= Medical slang =

Acronyms and informal terminology

Medical slang is the use of acronyms and informal terminology to describe patients, other healthcare personnel and medical concepts. Some terms are pejorative. In English, medical slang has entered popular culture via television hospital and forensic science dramas such as ER, House M.D., NCIS, Scrubs, and Grey's Anatomy, and through fiction, in books such as The House of God by Samuel Shem (Stephen Joseph Bergman), Bodies by Jed Mercurio, and A Case of Need by Jeffery Hudson (Michael Crichton)

Examples of pejorative language include bagged and tagged for a corpse, a reference to the intake process at a mortuary; donorcycle for motorcycle; and PFO for pissed [drunk] and fell over. Less offensive are the terms blue pipes for veins; cabbage for a heart bypass (coronary artery bypass graft or CABG), and champagne tap for a flawless lumbar puncture, that is, one where erythrocyte count is zero.

==Limitations on use==
In many countries, facetious or insulting acronyms are now considered unethical and unacceptable, and patients can access their medical records. Medical facilities risk being sued by patients offended by the descriptions. Another reason for the decline is that facetious acronyms could be confused with genuine medical terms and the wrong treatment administered.

In one of his annual reports (related by the BBC), medical slang collector Adam Fox cited an example where a practitioner had entered “TTFO”, meaning “told to fuck off”, on a patient’s chart. When questioned about the chart entry, the practitioner said that the initials stood for “to take fluids orally.”

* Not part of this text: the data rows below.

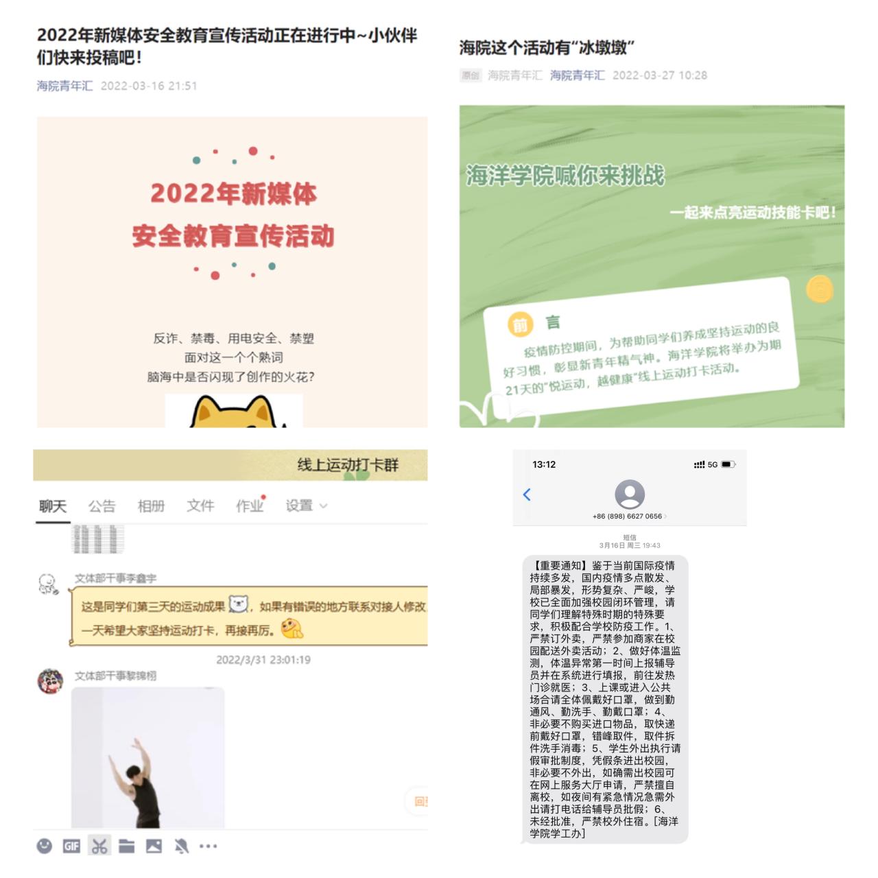 疫情防控期间为让大家进一步了解疫情形势、政策,同时安心在校学习,有渠道正确缓解和释放心理压力,健康身心。海洋公司利用协同通讯平台,点对点向全院本科生和研究生逐一发送闭环管理通知,引导员工正确认识公司防控政策,及时了解最新情况,落实落细安全教育工作。二是借助“海院青年汇”微信平台,发起“悦运动,越健康”21天运动打卡活动、安全教育宣传比赛和21天英语打卡等活动。以活动动员全院员工积极参与,以参赛选手带动同屋室友
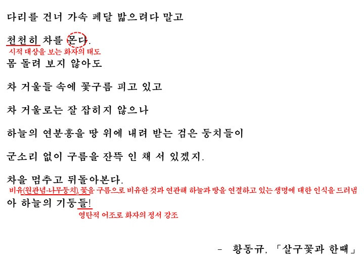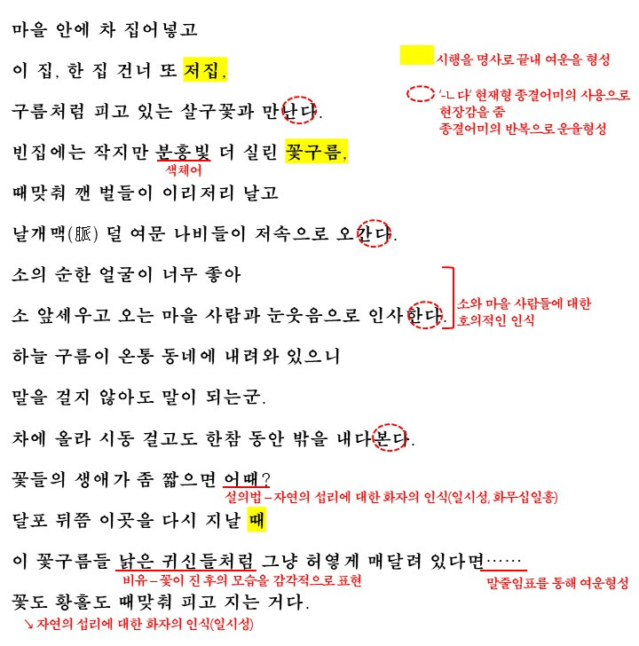 그리고 다시 차에 올라 시동을 결거도 한참동안 밖을 내다보는데요. 그러면서 화자는 이렇게 생각합니다. "꽃들의 생애가 좀 짧으면 어때?"라고 말이죠. 이는 이미 화자가 꽃들의 생애가 짧음을 알고 있으면서도 말하는 것으로(설의법) 이러한 일시성이 자연의 섭리라는 화자의 인식을 보여줍니다.(관련 한자 - 화무십일홍(花無十日紅) 그리고 달포 뒤즘 이곳을 다시 지날 때는 이 꽃구름들이 낡은 귀신들처럼 그냥 허옇게 매달려 있다면......라고 가정하면서도 이를 꽃도 황홀도 때맞춰 피고 지는 거다라며 자연의 섭리에 대한 자신의 인식을 드러냅니다.
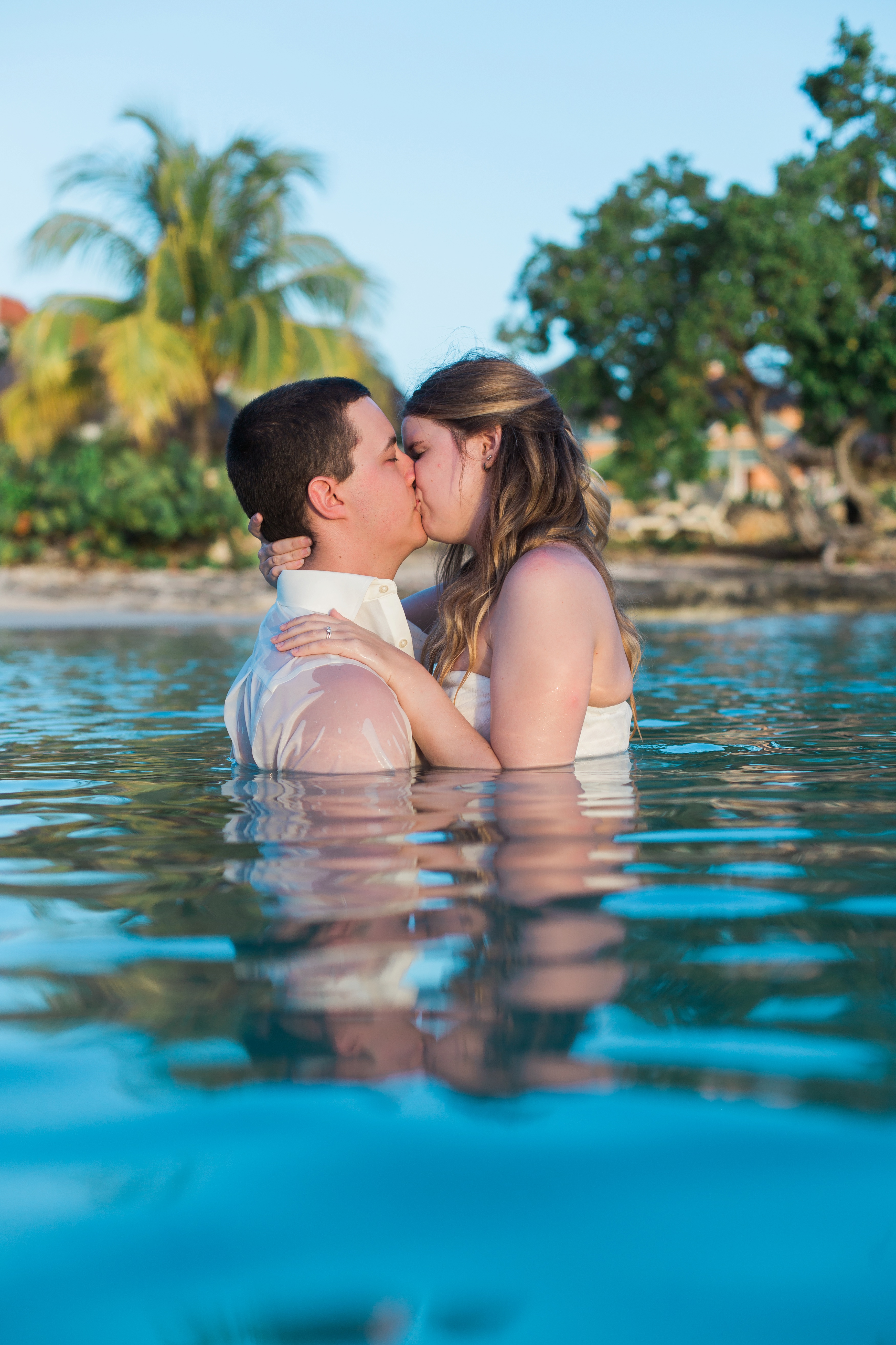 We spent the evening roaming the grounds of Bahia Principe Jamaica resort while having lots of fun. This adorable couple laughed their way through the session. It was clear that they were having a great time with the session. We took advantage of the calm ocean waters and took a dunk. I had so much fun with them. Stay tuned for their wedding blog post coming shortly.

Today, medical slang tends to be restricted to oral use and to informal notes or e-mails which do not form part of a patient’s formal records. It may also be used among medical staff outside of the hospital. It is not found on patients’ charts and, due to growing awareness of medical slang, often not used in front of patients themselves.

==Non-English==
Although online medical slang dictionaries are primarily from English-speaking countries, non-English medical slang has been collected by Fox from elsewhere. Brazilian medical slang includes PIMBA ("Pé Inchado Mulambo Bêbado Atropelado" meaning "swollen-footed, drunk, run-over beggar"), Poliesculhambado (multi-messed-up patient) and Trambiclínica (a "fraudulent clinic" staffed cheaply by medical students).

==Annual round-up==
There is an annual round-up of the usage of medical slang by British physician Dr. Adam Fox of St Mary's Hospital, London. Fox has spent five years charting more than 200 examples, regional and national terms and the general decline of medical slang. He believes that doctors have become more respectful of patients, which has contributed to the decline. While its use may be declining in the medical profession, several dictionaries of the slang have been compiled on the internet.